If, as expected, the NO vote performed better where it was given equal opportunity to make their recommendation, what does that say about the strength of the YES argument and how members actually feel when presented a full picture? By not allowing a counter-perspective to be offered to all locals, the NEB robbed itself of a more accurate sense of how membership actually felt and what we were willing to do. Without gauging proper sentiment, we are building a plan based on wishful thinking not solid information. This is especially dangerous as a labour union because the only real leverage we have is the certainty, not speculation, of the mass willingness of our members to act collectively.
2. Engagement: This vote had serious implications for the future of our jobs. That likely less than 25% of our members could be encouraged to participate reflects a critical communication and credibility problem with our union, at every level, in every local, including our own. A crisis in belief in the union is not the fault of the member but of our union in failing to give the member something to believe in and engage with, and it is our responsibility to win them back.
With such a low level of engagement the only constructive conclusion that can be drawn about this vote is that an overwhelming majority of our members do not believe in the union enough to be involved and that there was no mass support for either extension choice. Again, a union without an active membership has no leverage to accomplish anything, let alone actually making our jobs better.
The results of this vote should raise concerns for every union supporter participating in the extension, YES or NO, because it shows just how weak CUPW has become. Hopefully, this alarmingly low turnout is the wakeup call needed to convince more locals and other levels of the union to change course. The NO campaign was very successful in getting the NEB to centre the importance of organizing to re-engage members and the need to develop capacity over the next two years. Whether those NEB platitudes were sincere or not, this bell cannot be unrung, and it is now open season to relentlessly apply pressure on our elected union officials until satisfaction is delivered on this promise.
Either this organization develops a committed plan to build a workfloor presence and collectively empower every single local over the next two years or I fear CUPW will be past saving. We are quickly running out of time to reclaim the legacy we love to reminisce about. Expanding services into public postal banking, internet and food delivery will be the only things that secure our future. Make no mistake, we will never win these expansions without a strike, and no strike will be successful without an actual plan to face down back-to-work legislation. If we are expecting to survive another 15-20 years at this job on soon-to-be-extinct letter mail and low-profit-margin parcels without embracing the reality of the struggle ahead, we are in for a rude awakening. If we are to survive and flourish, our union must change how it fights.

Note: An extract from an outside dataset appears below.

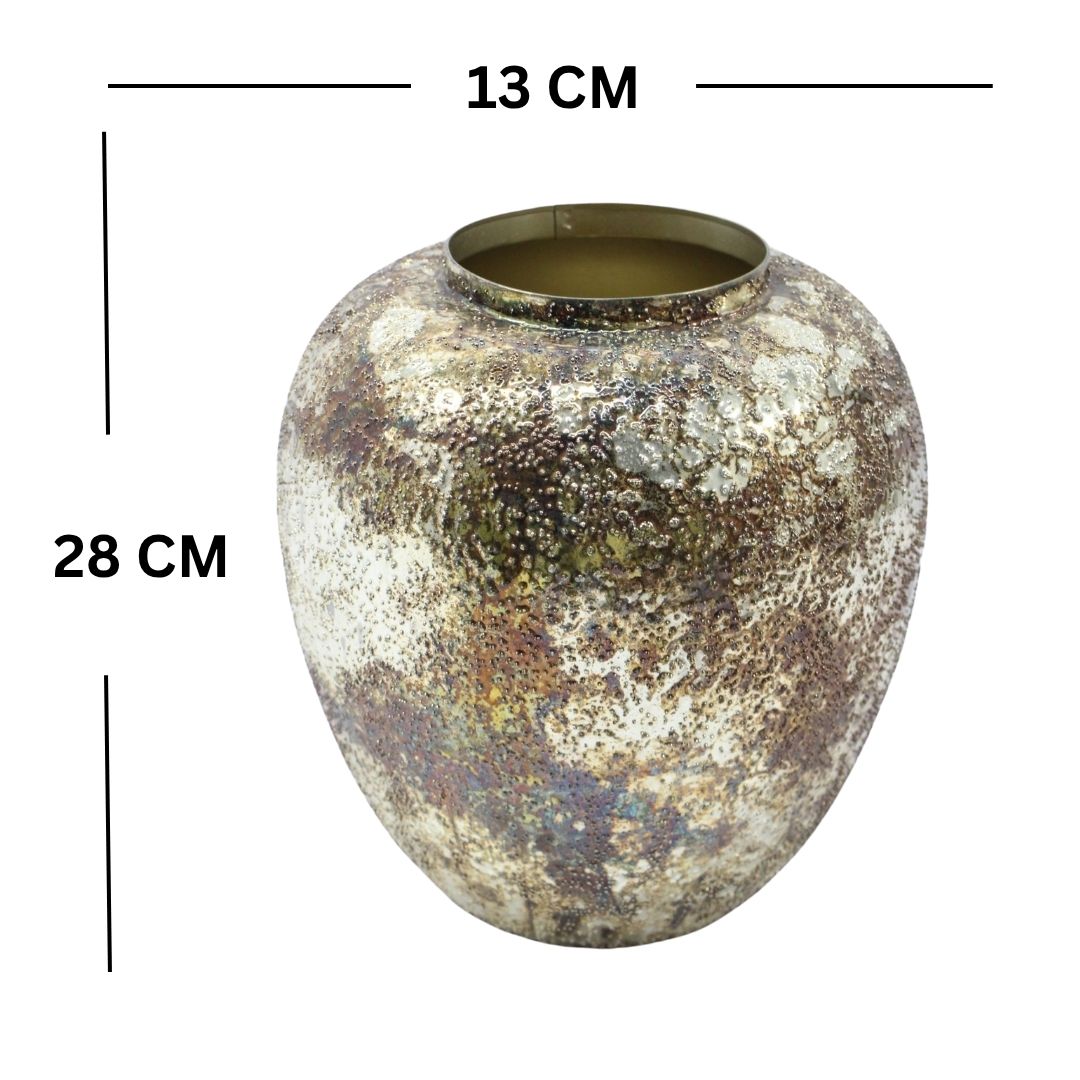 Elevate your home décor with this exquisite vase from PARAMOUNT TRADING CORPORATION PVT LIMITED. Crafted from durable iron and finished in a stunning rustic gold with brass accents, this vase exudes timeless elegance. Its unique design and intricate detailing make it a captivating centerpiece for any room. Measuring 5.12 x 10.24 x 11.02 inches, it's perfectly sized to showcase your favorite flowers or stand alone as a striking art piece. No assembly is required, making it easy to instantly enhance your living space with this beautiful decorative flower vase.

Fortunately, the blueprint for effective labour unionism has been around for over 100 years and is only as far away as our willingness to utilize it:
1. Mass Recruitment: When we initiated frequent workfloor meetings in Edmonton & area back in 2019, the reception was not friendly. We couldn’t clear most workfloors to participate, and those attending were more interested in criticizing union officers for being absent rather than hearing what was on offer. By about the third round of visits, we started winning members around to the sincerity of our efforts and drawing near full attendance.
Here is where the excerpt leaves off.